* [Extracted data]
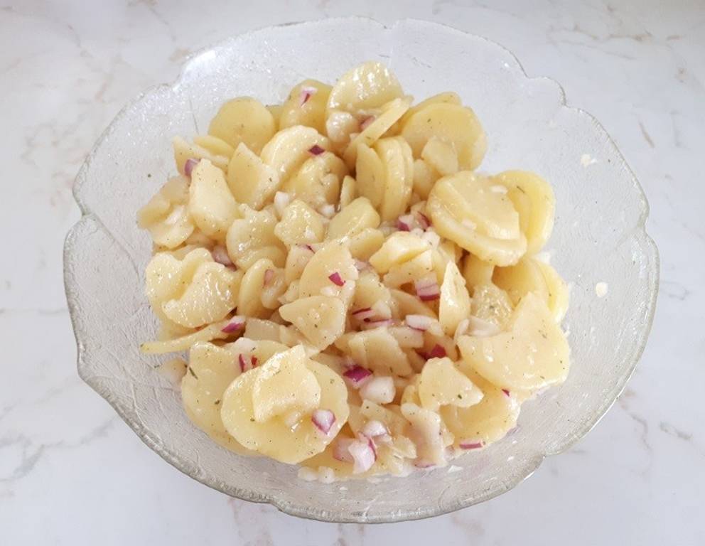 - Die Erdäpfeln werden in der Schale gargekocht, sodann heiß abgeschält, wonach man sie ein wenig auskühlen lässt. Ideal ist es, wenn man am Vortag gekochte Erdäpfeln verwendet. Die Zwiebel kleinschneiden und in eine Schüssel geben, darüber schnitzelt man die Erdäpfeln in mundgerechte Scheibchen. Nach jeder zweiten Erdapfel erst einmal ein wenig Öl, dann ein wenig Essig darübergeben. Nach der letzten Erdapfel - neben Essig und Öl mit ein wenig Salz die Erdäpfeln würzen und alles zusammen vorsichtig mit einem Salatbesteck mischen. Danach muss der Blattsalat zirka 2 Min. ziehen. Zum Schluss die kochende klare Suppe über die Erdäpfeln gießen und vorsichtig unterziehen, bis der Blattsalat die Konsistenz hat, die Sie gerne mögen. Er sollte schön fest bleiben. Den Blattsalat wiederholt mit ein wenig Essig und Öl und selbstverständlich mit Salz nachwürzen.
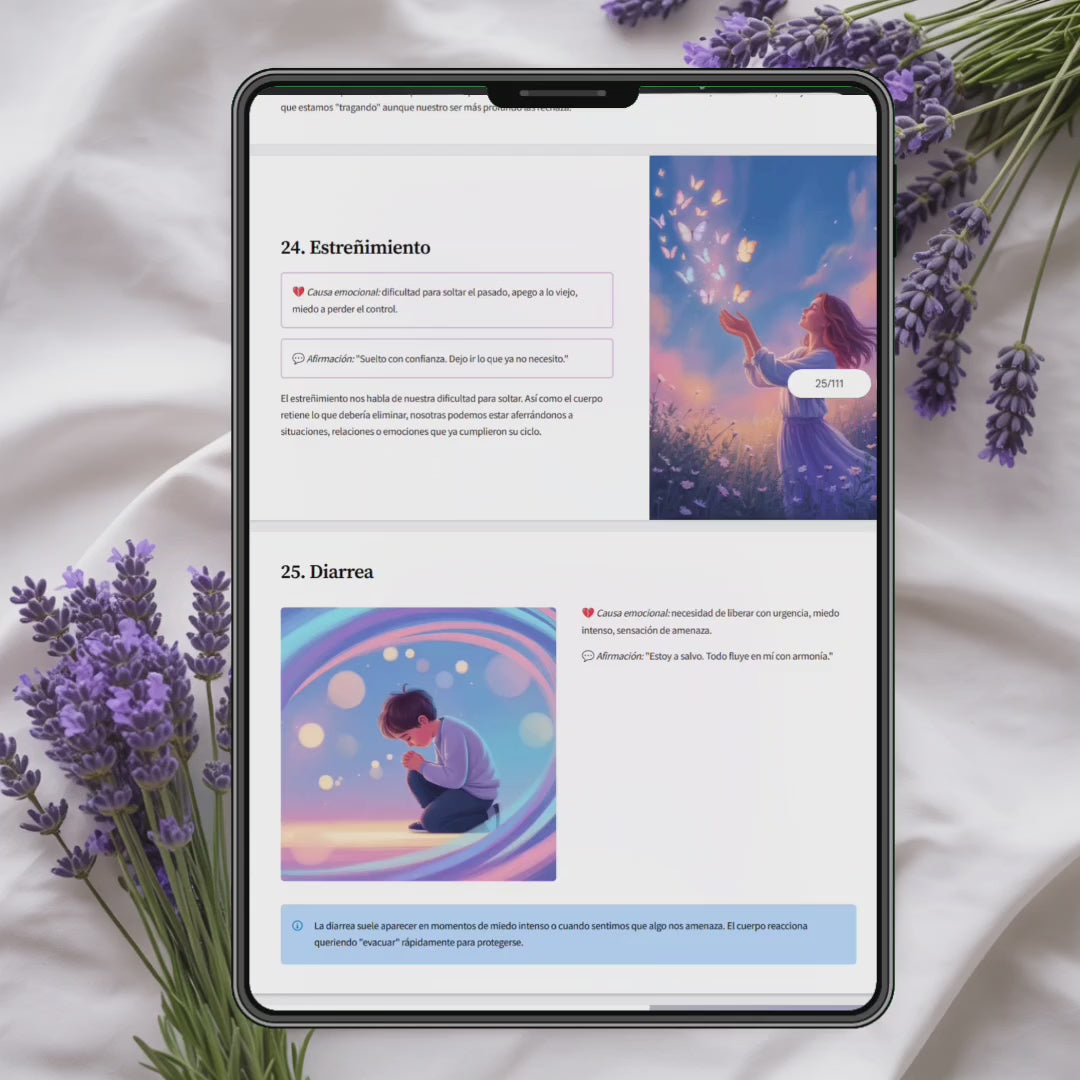 💌 Incluye la biodescodificación de más de 100 enfermedades con su causa emocional, afirmaciones para sanar, ejercicios de introspección y un enfoque hecho para mujeres reales como vos.
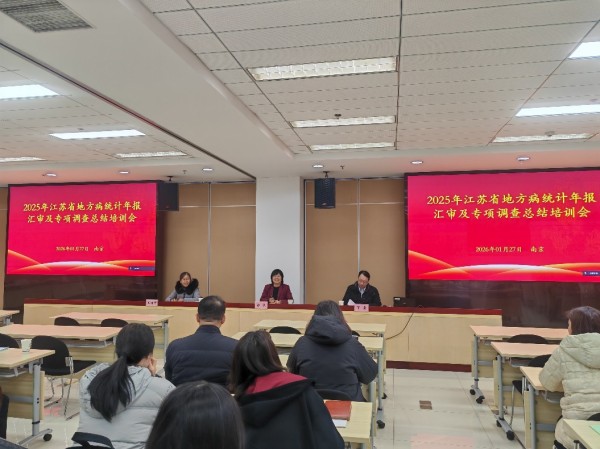 1月26日-27日,2025年度全省地方病统计年报汇审及专项调查总结培训会在南京召开。江苏省疾控中心党委副书记、副主任徐燕出席会议并致辞。各设区市疾控中心地方病防制科科长、地方病监测统计年报工作人员、2025年全省重点甲状腺疾病专项调查项目县及2026年氟骨症专项调查项目县疾控中心地方病防制科科长和地方病业务骨干共计约70人参加了本次会议。
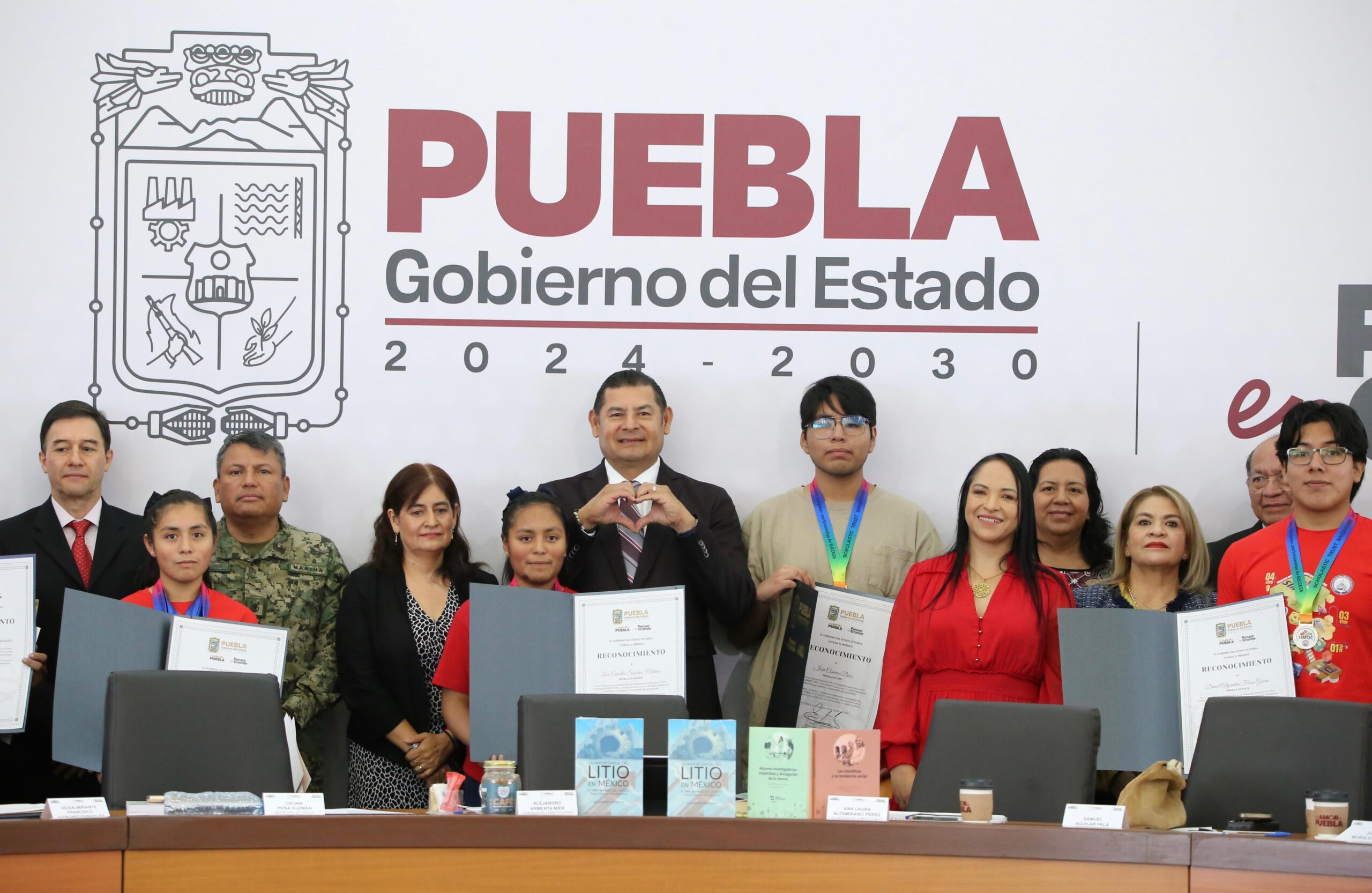 En este contexto, el gobernador de Puebla entregó reconocimiento a las y los estudiantes de la delegación que participó en la Olimpiada Internacional de Matemáticas, celebrada en Singapur, donde obtuvieron una medalla de oro, 5 platas y 3 bronces. La competencia se llevó a cabo del 5 al 8 de julio y compitieron 2 mil 380 estudiantes representantes de 37 países. Puebla se posicionó como referente en formación científica de excelencia.
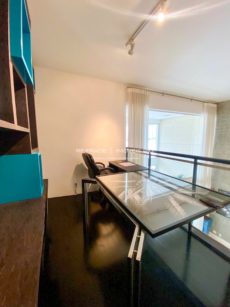 O mezanino acrescenta sofisticação e amplitude, ideal para um espaço de trabalho ou momentos de leitura e contemplação.
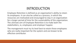 The document presents a study on the employee retention strategy of Bright Brothers Pvt Ltd in Pondicherry. It discusses the company profile, research methodology used, data collection and analysis. The study found that most employees think implementation of 3R's (recognition, rewards, respect) will increase retention. It also found low salary and lack of career growth are main reasons employees leave. The study suggests improving compensation, providing flexible schedules, discussing career anchors, and ensuring right job fits to boost retention.
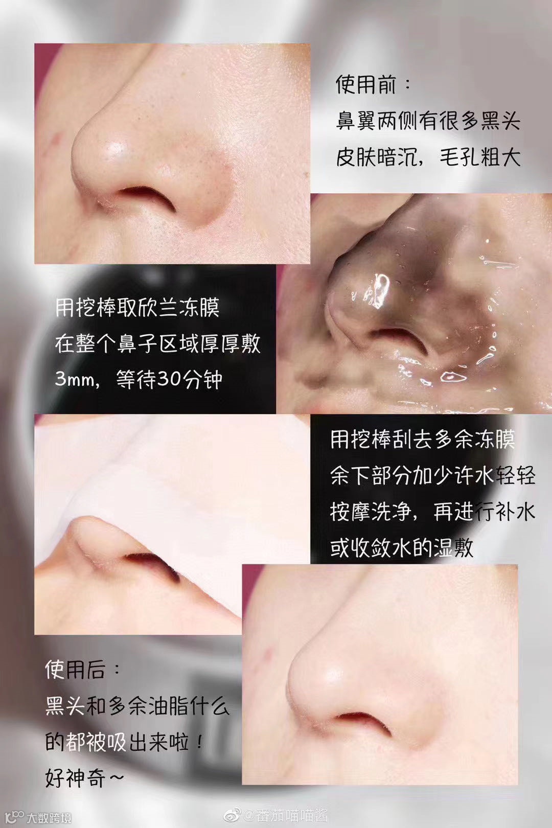 皮不敏感,还有毛孔大黑头粗的人可以这样试试看。反正口碑还挺不错,有的人很爱这一口,就像亲手拍死蚊子一样的快感。我皮肤敏感没敢这样弄,还有我黑头白头本来就比较少,所以浮出来后,我就用手搓搓揉揉,然后用清水洗净就OK。
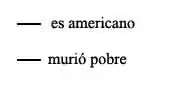 Cálculo de predicados: ∃xAmericano(x) ∧ ∃y murió pobre(y).

* [Exercise] Copy the listing character for character, pictures omitted.

* [Task output]
 - Die Erdäpfeln werden in der Schale gargekocht, sodann heiß abgeschält, wonach man sie ein wenig auskühlen lässt. Ideal ist es, wenn man am Vortag gekochte Erdäpfeln verwendet. Die Zwiebel kleinschneiden und in eine Schüssel geben, darüber schnitzelt man die Erdäpfeln in mundgerechte Scheibchen. Nach jeder zweiten Erdapfel erst einmal ein wenig Öl, dann ein wenig Essig darübergeben. Nach der letzten Erdapfel - neben Essig und Öl mit ein wenig Salz die Erdäpfeln würzen und alles zusammen vorsichtig mit einem Salatbesteck mischen. Danach muss der Blattsalat zirka 2 Min. ziehen. Zum Schluss die kochende klare Suppe über die Erdäpfeln gießen und vorsichtig unterziehen, bis der Blattsalat die Konsistenz hat, die Sie gerne mögen. Er sollte schön fest bleiben. Den Blattsalat wiederholt mit ein wenig Essig und Öl und selbstverständlich mit Salz nachwürzen.
 💌 Incluye la biodescodificación de más de 100 enfermedades con su causa emocional, afirmaciones para sanar, ejercicios de introspección y un enfoque hecho para mujeres reales como vos.
 1月26日-27日,2025年度全省地方病统计年报汇审及专项调查总结培训会在南京召开。江苏省疾控中心党委副书记、副主任徐燕出席会议并致辞。各设区市疾控中心地方病防制科科长、地方病监测统计年报工作人员、2025年全省重点甲状腺疾病专项调查项目县及2026年氟骨症专项调查项目县疾控中心地方病防制科科长和地方病业务骨干共计约70人参加了本次会议。
 En este contexto, el gobernador de Puebla entregó reconocimiento a las y los estudiantes de la delegación que participó en la Olimpiada Internacional de Matemáticas, celebrada en Singapur, donde obtuvieron una medalla de oro, 5 platas y 3 bronces. La competencia se llevó a cabo del 5 al 8 de julio y compitieron 2 mil 380 estudiantes representantes de 37 países. Puebla se posicionó como referente en formación científica de excelencia.
 O mezanino acrescenta sofisticação e amplitude, ideal para um espaço de trabalho ou momentos de leitura e contemplação.
 The document presents a study on the employee retention strategy of Bright Brothers Pvt Ltd in Pondicherry. It discusses the company profile, research methodology used, data collection and analysis. The study found that most employees think implementation of 3R's (recognition, rewards, respect) will increase retention. It also found low salary and lack of career growth are main reasons employees leave. The study suggests improving compensation, providing flexible schedules, discussing career anchors, and ensuring right job fits to boost retention.
 皮不敏感,还有毛孔大黑头粗的人可以这样试试看。反正口碑还挺不错,有的人很爱这一口,就像亲手拍死蚊子一样的快感。我皮肤敏感没敢这样弄,还有我黑头白头本来就比较少,所以浮出来后,我就用手搓搓揉揉,然后用清水洗净就OK。
 Cálculo de predicados: ∃xAmericano(x) ∧ ∃y murió pobre(y).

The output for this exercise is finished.